Хозяйка аила знала, что Чаных пришла с обидами на мужа, семнадцатилетнего Ярманку, самого младшего Борлаева брата, и ни о чем больше не спросила.

— Я верила, что он чист, как ясное солнышко, как цветок лесной, никем не тронутый… — запричитала гостья. Голова ее затряслась, а из глаз хлынули слезы. Трубка упала в золу возле очага.

Утирая ладонями дряблые щеки, Чаных крикливо жаловалась:

— Была бы женщина телом мягкая, не так обидно было бы. А то погнался за девчонкой суше тонкой головешки.

Карамчи достала из-за голенища кожаный кисет с листовым табаком, смешанным с березовой корой, набила трубку и подала гостье.

— Я думаю, что люди наврали про него. Он, муж твой, к отцу Яманайки просто в гости ездит, араку[5] пить. Сама знаешь, они соседи ваши…

— Я все знаю, — сердито перебила Чаных, глаза ее сразу высохли, в зубах захрустел черемуховый мундштук. — Он ездит к Яманайке. Вчера сам сказал, что у меня зубы валятся, что я скоро сдохну и тогда он женится на этой подлой девке.

Хозяйка захохотала нарочито громко, и на ее груди зазвенели украшения из медных пятаков.

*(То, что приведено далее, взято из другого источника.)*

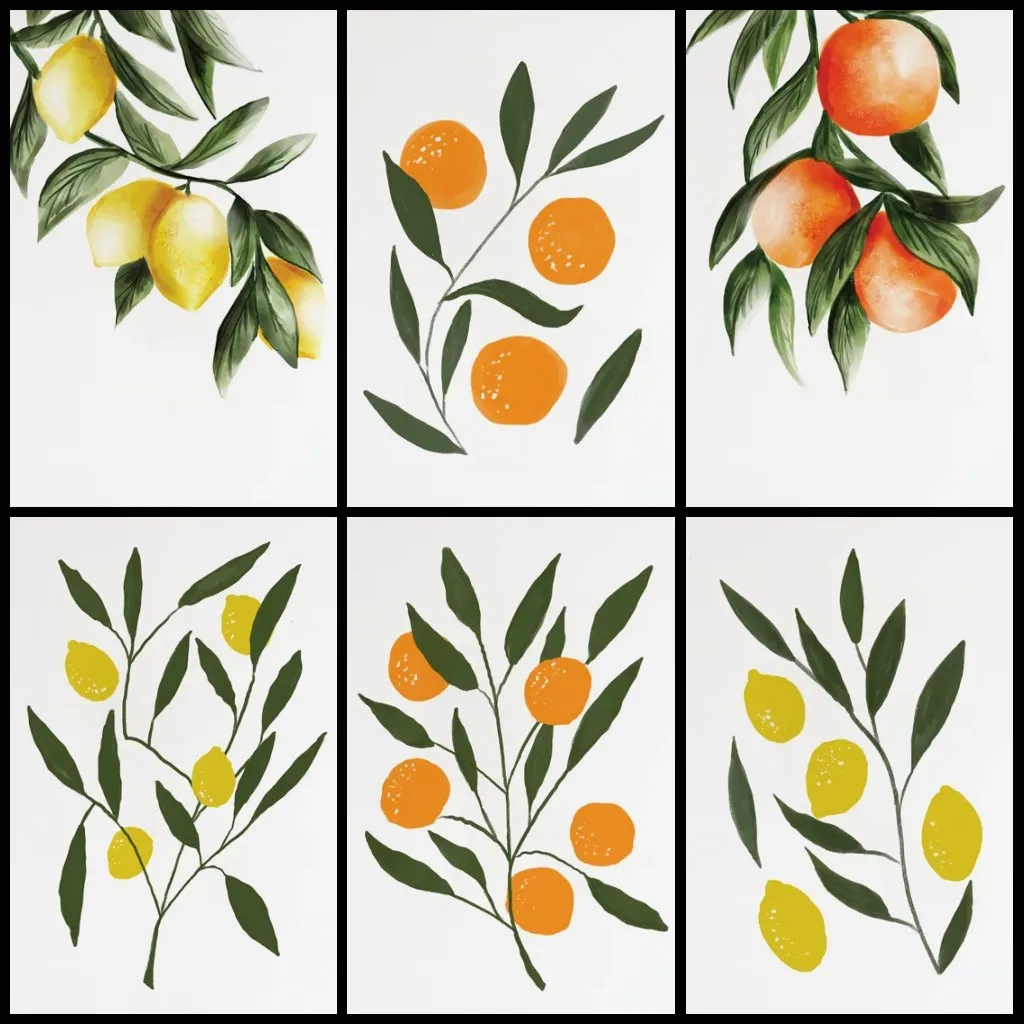 Абстрактная Картина на холсте Лимон Апельсин акварель Цитрусовые фрукты постер Бохо кухня настенное искусство ботаническая Картина Декор для дома комнаты

— Этого никогда не будет. Яманай и брат твоего мужа из одного сеока Мундус. Все женщины в сеоке — всем мужчинам сестры. Кто ему позволит жениться на сестре?

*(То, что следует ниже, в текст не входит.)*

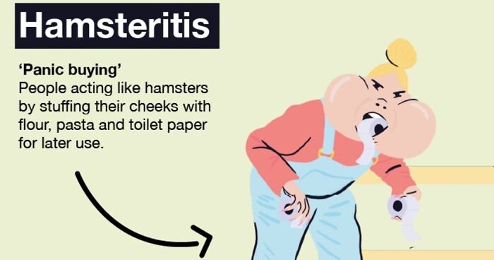 People acting like hamsters by stuffing their cheeks with flour, pasta and toilet paper for later use.
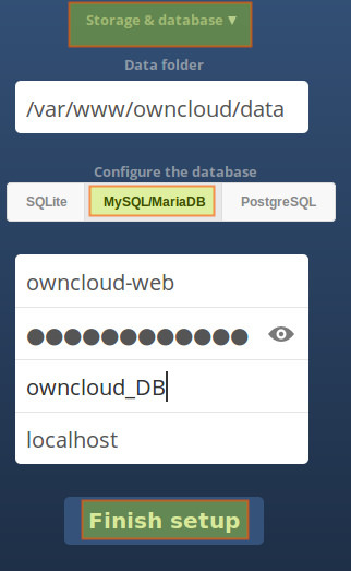 通过http://服务器 IP/owncloud 进入ownCloud页面,并选择‘Storage & database’ 选项。输入所需的信息(MySQL/MariaDB用户名,密码,数据库和主机名),并点击完成按钮。
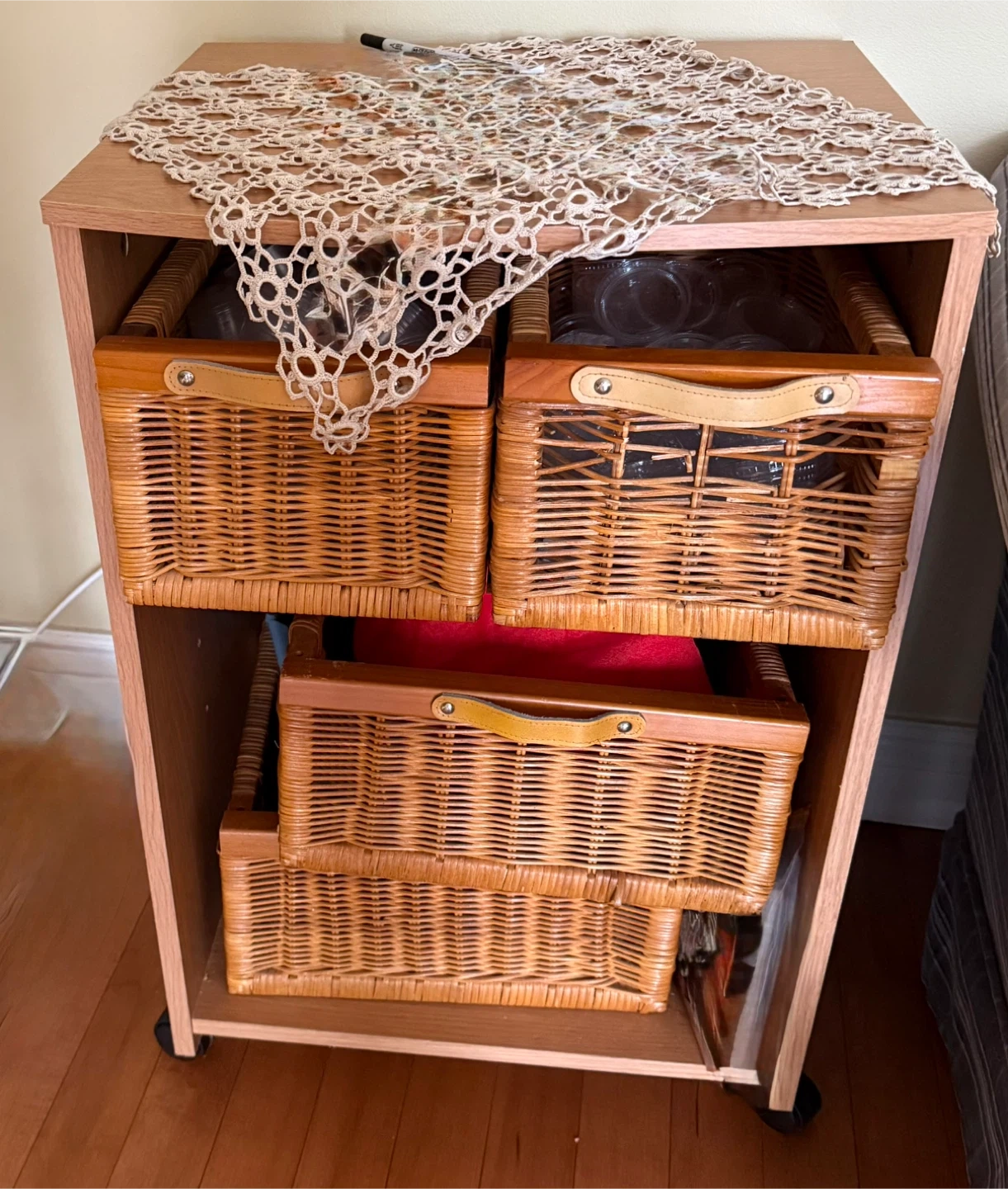 Wooden rolling cart with four woven baskets. Baskets have faux leather handles. It's great for organizing crafts or small items! The cart has wheels for easy mobility.

Она подняла трубку выше головы, погрозила, будто молодой деверь сидел перед нею, и сказала строго и уверенно:

— Сеок Мундус не потерпит безумца. Если твой муж уйдет к Яманайке, то оскорбленный им народ засмеет его и навсегда прогонит с гор. Он не посмеет.

Женщины свято блюли неписаный закон кочевья и из уважения к мужчине не называли Ярманку по имени.

В аил входил Борлай. Он пригнулся, но все-таки стукнулся головой о притолоку и сдвинул шапку с бритого лба на затылок, где единственная прядь волос была заплетена в тонкую косичку.

Гостья быстро вскочила перед старшим родственником и в знак уважения почтительно погладила свои тощие косы.

— Собрались? Коней завьючили? — спросил Борлай.

— Кто далеко кочует, у того все казаны побиты, — робко напомнила Чаных известную поговорку и, скорбно вздохнув, тихо спросила: — Как мне кочевать с малыми детьми? Нет моего… Вчера опять уехал.

Карамчи подала мужу раскуренную трубку.

Через дымовое отверстие над костром Борлай посмотрел на чистое небо и сказал жене:

— Кочевать будем вместе с солнышком: оно тронется в свой далекий путь, и мы отправимся… Перекочевка в ясную погоду принесет счастливую жизнь.

Чаных с поникшей головой встала, левым плечом приоткрыла дверь, и тихо молвила мягким и певучим голосом, незнакомым даже родственникам, — видно, вырвались у нее заветные думы:

— Был бы жив мой первый муж, мы кочевали бы впереди всех, и ни солнечный свет, ни пылкие звезды не увидели бы слез на моих щеках.

Борлай вздрогнул и, обернувшись, крикнул вслед:

— О старшем брате не поминай! Не вороши золотые кости. Не серди духа умершего. У тебя есть молодой муж, о нем заботься.

Он взял берестяную сумину и стал укладывать ветхие кермежеки[6] и бесчисленные амулеты.

Завьючивая пегую лошаденку с большим животом и провисшей спиной, он сказал жене:

— Наш путь — в долину Голубых Ветров. Там травы густые да высокие — конь в них тонет! Скоту будет привольно.

В эту минуту он начинал верить, что та долина лучше Каракольской, где до сих пор кочевали они.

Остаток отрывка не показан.